Legal and Other Stuff
The puppy has to be microchipped, which by law must be done before he is 8 weeks old; so it should have already been done by the breeder. Your vet will read and record the microchip on your first visit. You will need to update the microchip company (also by law, usually Petlog or Identibase (formerly Anibase)) with your details (for a fee).
If your puppy is pedigree, or a crossbreed from pedigree parents, your breeder should have provided you with a puppy pack containing all his paperwork. If he is registered with the Kennel Club, there will be a registration document and perhaps a pedigree chart. You will need to inform the Kennel Club of the change of ownership, for which a fee is charged. You can also order a pedigree chart at the same time, if you don’t already have one. Registration is entirely at the discretion of the breeder; as the owner of the dam, only they can do it. Many breeders will endorse the puppy’s papers against breeding and/or export: this is to protect him from exploitation by unscrupulous breeders.

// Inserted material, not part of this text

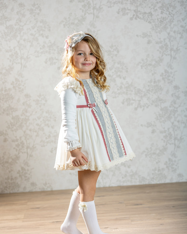 VESTIDO INFANTIL ESPAÑOL DE ALTA COSTURA. Diseño de corte clásico, inspirado en la tradición de la moda infantil española. Presenta una silueta con falda vuelo y un cuerpo entallado. Cada prenda es confeccionada a mano en talleres especializados en España, con un acabado perfecto con costuras invisibles y bordados personalizados, lo que garantiza una pieza única y exclusiva.

You may want to insure your puppy; if so, you should arrange that too (get some quotes first; there are now many providers of pet insurance). Make sure you cover includes everything you expect – policies differ greatly. If you prefer, you can do this before you bring the puppy home, but bear in mind that a registered dog is entitled to 5 weeks free insurance from the Kennel Club.
Getting a puppy will bring great changes to your life, but they should all be positive ones. Above all you should enjoy your puppy’s company and watching him grow up. In becoming a new puppy owner you’ve made a great decision, so celebrate it!